Question

Prove that in any triangle ${{\cos }^{2}}A+{{\cos }^{2}}B-{{\cos }^{2}}C=1-2\sin A\sin B\sin C$

Answer 1

Hint: We will first use the trigonometric identity that ${{\sin }^{2}}B+{{\cos }^{2}}B=1$ to simplify the left hand side of the equation to be proved then we will use the identity that ${{\cos }^{2}}A-{{\sin }^{2}}B=\cos \left( A+B \right)\cos \left( A-B \right)$ to combine the cosine terms and take $\cos C$ common in the left hand side then we will use the trigonometric identity that \[\cos C+\cos D=2\cos \left( \dfrac{C+D}{2} \right)\sin \left( \dfrac{D-C}{2} \right)\] to further simplify the left hand side and made it equal to the right hand side.

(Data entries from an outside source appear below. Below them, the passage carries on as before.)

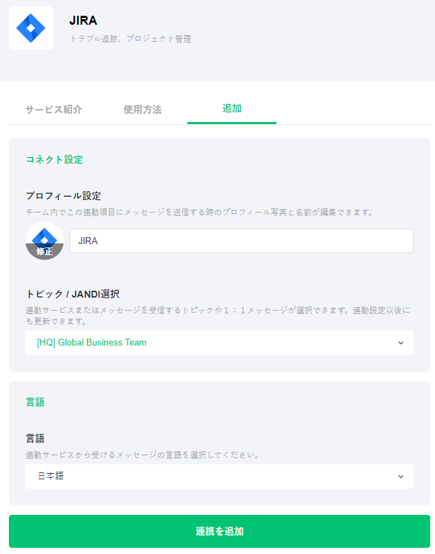 4.[Create]ボタンをクリックして設定を保存した後、JANDIコネクト設定画面で通知をもらうトピックまたはトークを選択します。 5.通知をもらう項目を選択します。 6.JANDIコネクトメッセージをもらう時見えるプロフィールと言語を変更できます。 7.設定が完了されると、設定を保存してJANDIコネクトを活性化します。 8.設定事項はいつでも変更できます。
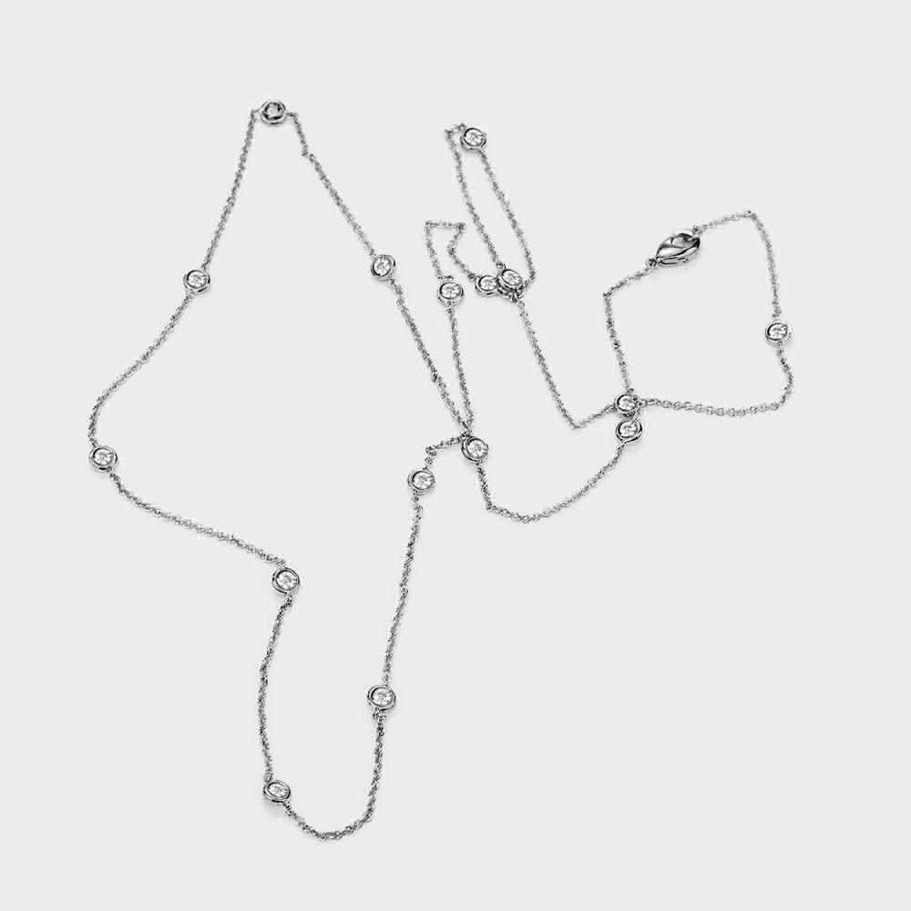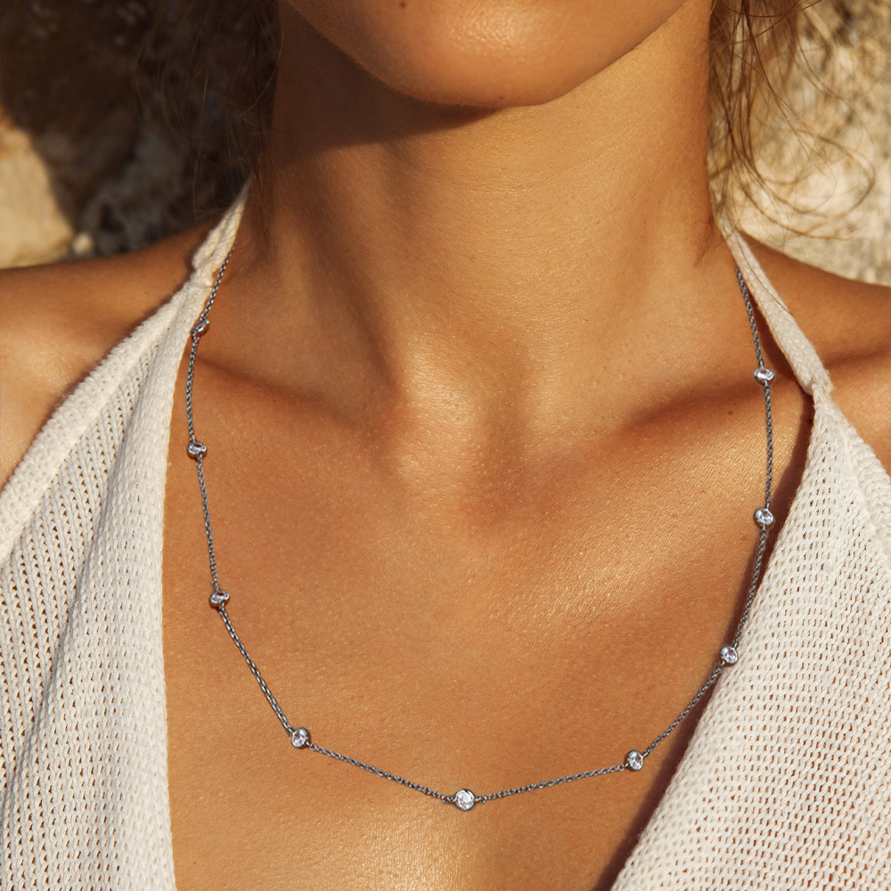 White Gold Dipped Brass Metal Round CZ Station Necklace
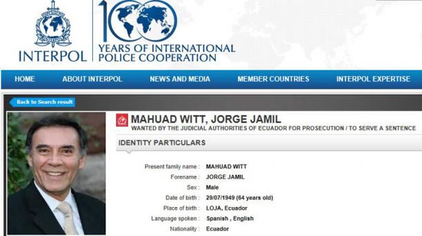 El ministro del Interior José Serrano informó hoy 27 de mayo que la Policía Internacional (Interpol) emitió difusión roja en contra del expresidente ecuatoriano Jamil Mahuad.

Complete step-by-step answer:
We have been given a triangle ABC and we have to prove that ${{\cos }^{2}}A+{{\cos }^{2}}B-{{\cos }^{2}}C=1-2\sin A\sin B\sin C$
We will first draw a $\Delta ABC$ and label its sides as a, b, c

Now, we will take the LHS of the question and prove it to be equal to RHS. In LHS we have \[{{\cos }^{2}}A+{{\cos }^{2}}B-{{\cos }^{2}}C\]
Now we know that ${{\sin }^{2}}B+{{\cos }^{2}}B=1$
Therefore ${{\cos }^{2}}B=1-{{\sin }^{2}}B$using this we have,
\[{{\cos }^{2}}A+{{\cos }^{2}}B-{{\cos }^{2}}C={{\cos }^{2}}A+1-{{\sin }^{2}}B-{{\cos }^{2}}C=1+\left( {{\cos }^{2}}A-{{\sin }^{2}}B \right)-co{{s}^{2}}C\]
Now we know the trigonometric identity that,
${{\cos }^{2}}A-{{\sin }^{2}}B=\cos \left( A+B \right)\cos \left( A-B \right)$
So, we have
\[{{\cos }^{2}}A+{{\cos }^{2}}B-{{\cos }^{2}}C=1+\left( \cos \left( A+B \right)\cos \left( A-B \right) \right)-{{\cos }^{2}}C\]
Also, now we know that according to angle sum property of triangle we have
$\begin{align}
  & A+B+C=\pi \\
 & A+B=\pi -C \\
\end{align}$
So, using this we have,
\[{{\cos }^{2}}A+{{\cos }^{2}}B-{{\cos }^{2}}C=1+\cos \left( \pi -C \right)\cos \left( A-B \right)-{{\cos }^{2}}C\]
Also, we know that
$\cos \left( \pi -C \right)=-\cos C$
So we have
\[{{\cos }^{2}}A+{{\cos }^{2}}B-{{\cos }^{2}}C=1-\cos C\left( \cos \left( A-B \right)+\cos C \right)\]
Also, we know that
$\cos C=\cos \left( \pi -\left( A+B \right) \right)$
\[{{\cos }^{2}}A+{{\cos }^{2}}B-{{\cos }^{2}}C=1-\cos C\left( \cos \left( A-B \right)+\cos \left( \pi -\left( A+B \right) \right) \right)\]
\[=1-\cos C\left( \cos \left( A-B \right)+\cos \left( A+B \right) \right)\]
Now using the trigonometric identity that
$\operatorname{cosC}+cosD=2sin\left( \dfrac{C+D}{2} \right)\sin \left( \dfrac{D-C}{2} \right)$
We have,
\[{{\cos }^{2}}A+{{\cos }^{2}}B-{{\cos }^{2}}C=1-\cos C\left( 2\sin \left( \dfrac{A-B+A+B}{2} \right)\sin \left( \dfrac{A+B-A+B}{2} \right) \right)\]
\[=1-\cos C\left( 2\sin \left( \dfrac{2A}{2} \right)\sin \left( \dfrac{2B}{2} \right) \right)\]
\[=1-\cos C\left( 2\sin A\sin B \right)\]
\[=1-2\sin A\sin B\cos C\]
Since, LHS = RHS
Hence proved

Note: In these types of questions it is very important to remember trigonometric identities like
$\begin{align}
  & \cos A+\operatorname{cosB}=2\sin \left( \dfrac{A+B}{2} \right)\sin \left( \dfrac{B-A}{2} \right) \\
 & {{\sin }^{2}}A+{{\cos }^{2}}A=1 \\
 & A+B+C=\pi \\
\end{align}$